Decision letter after peer review:

Thank you for submitting your article “Rank orders and signed interactions in evolutionary biology” for consideration by eLife. Your article has been reviewed by three peer reviewers, including Joachim Krug as the Reviewing Editor and Reviewer #1, and the evaluation has been overseen by Diethard Tautz as the Senior Editor. The following individual involved in review of your submission has agreed to reveal their identity: Luca Ferretti (Reviewer #3).

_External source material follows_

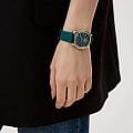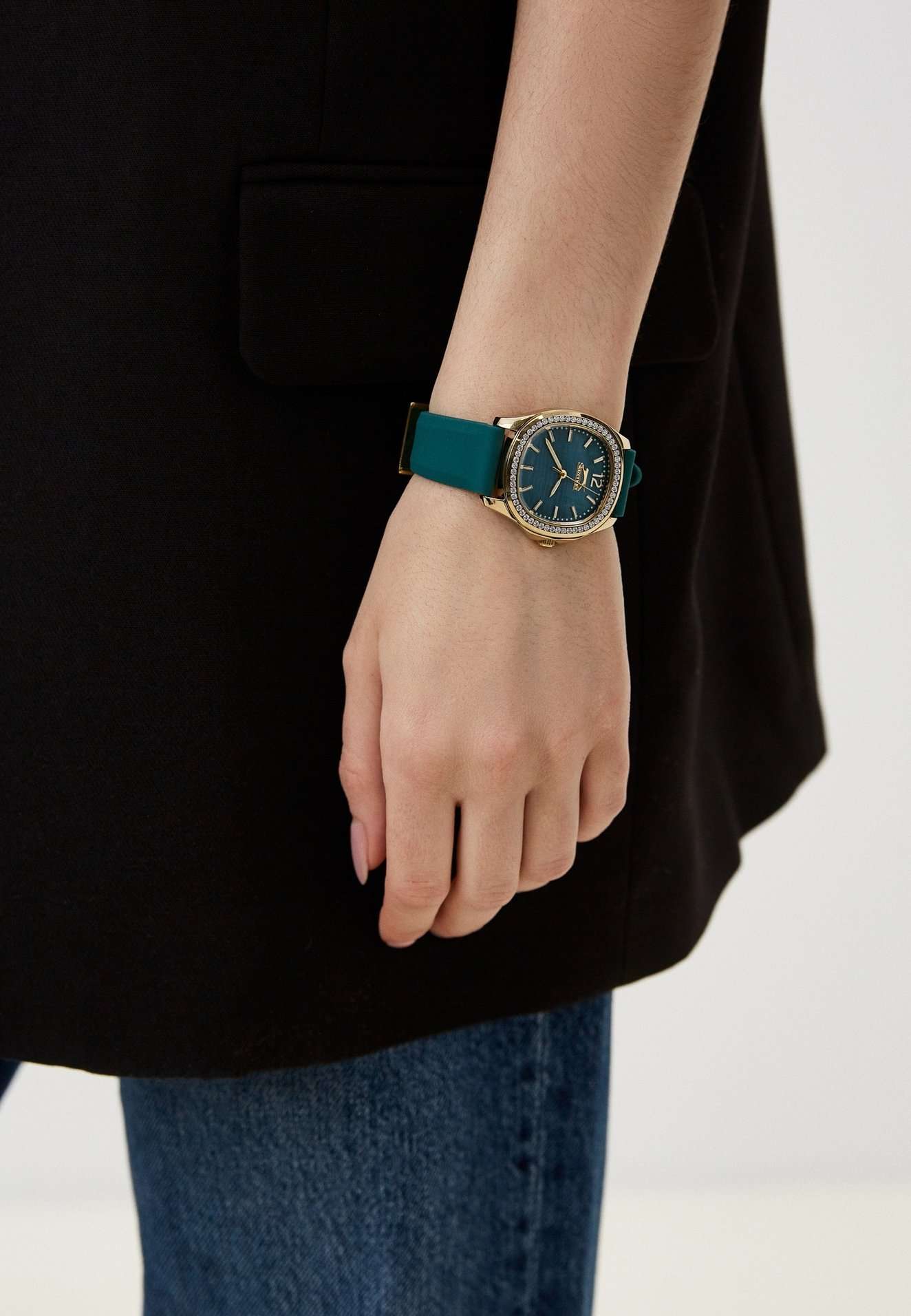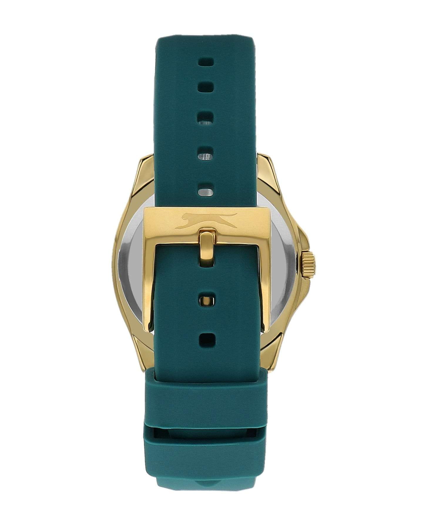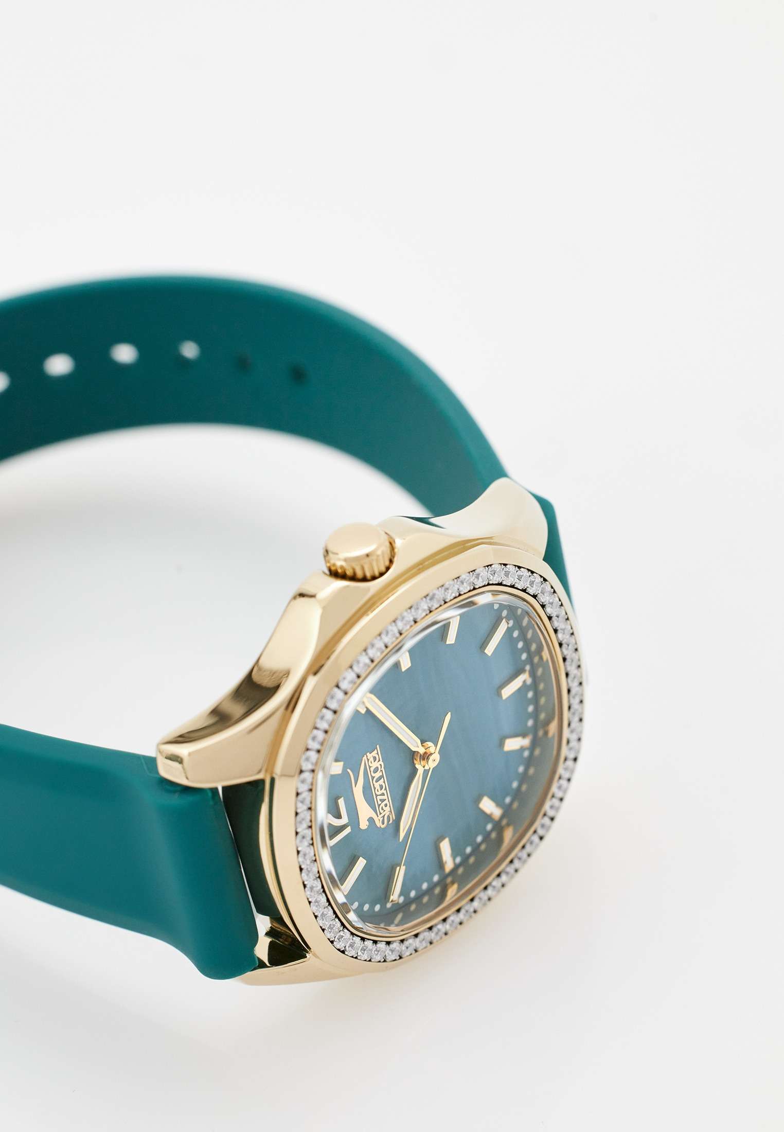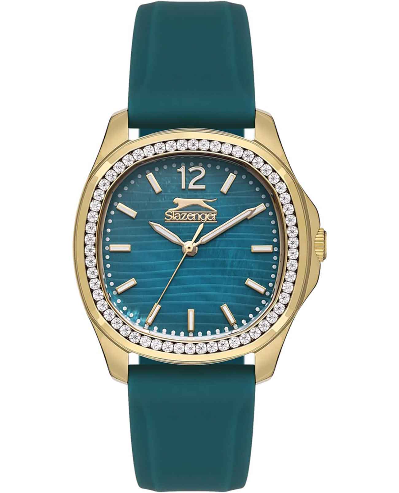 Часы Slazenger SL.09.2239.3.04 – это изысканный аксессуар, который станет стильным акцентом любого образа. Модель оснащена надежным кварцевым механизмом. Корпус из прочного металла с золотистым  IP-покрытиемIP-покрытиеМетод ионного напыления. Демонстрирует повышенную устойчивость к истиранию, окислению и химическим веществам. Под воздействием высокого давления и температуры около 1500°C молекулы металла надёжно соединяются с частицами корпуса часов. размером 34х34 мм украшен россыпью сверкающих фианитов по безелюБезельВнешний ободок, закрепляющий стекло. В спортивных часах так называется поворотное кольцо с делениями на циферблате, выполняет роль таймера – замеряет отрезки времени на шкале. Неподвижный безель – элемент декора. Однонаправленно вращающийся безель на дайверских часах позволяет фиксировать моменты погружения и выныривания на поверхность., что придает часам особое сияние и элегантность. Сине-зеленый циферблат с логотипом бренда защищен стойким к царапинам минеральным стекломМинеральное стеклоМинеральное стекло представляет собой искусственно выращенный минерал кварца. Такое стекло отличается особой устойчивостью к повреждениям и царапинам. Уступает по некоторым качествам сапфировому стеклу.. Четкие часовые метки в виде лаконичных штрихов и крупная арабская цифра 12 обеспечивают удобство чтения времени. Заводная головка с рифлением дополнена защитой для повышения долговечности. Резиновый сине-зеленый ремешок шириной 18 мм надежно фиксируется на запястье с помощью классической застежки. Для удобства использования в темное время суток предусмотрено люминесцентное покрытиеЛюминесцентное покрытиеПозволяет считывать показания времени в темноте. Производители наносят на стрелки, часовые индексы, безель или поверхность циферблата светонакопительный состав, дающий холодное свечение. стрелок. Водозащита 30WR позволяет не беспокоиться о случайных брызгах. Вес изделия составляет 43 грамма, что делает часы комфортными для ежедневного ношения. Эти часы идеально подойдут для тех, кто ценит гармонию стиля, качества и функциональности.

The reviewers have discussed the reviews with one another and the Reviewing Editor has drafted this decision to help you prepare a revised submission.

Summary:

This submission refers to the authors' previous eLife publication, Crona et al., 2017, where it was shown how the sign of certain epistatic interaction coefficients can be inferred from partial rank orders of fitness values. The purpose of the manuscript is to clarify the relation of this inference with the concept of sign epistasis. Crona et al., 2017 showed that sign epistasis is a sufficient condition for a rank order to be informative about at least some signed interactions, however it is not a necessary condition. Here the range of informative rank orders is extended by introducing the concept of rectangular perturbations, which generalizes the concept of sign epistasis by asking for the background dependence of the effect of mutational events that modify several loci at once. The exploratory application of the new concept to two empirical data sets suggests that it does give access to additional information about the topography of the landscape.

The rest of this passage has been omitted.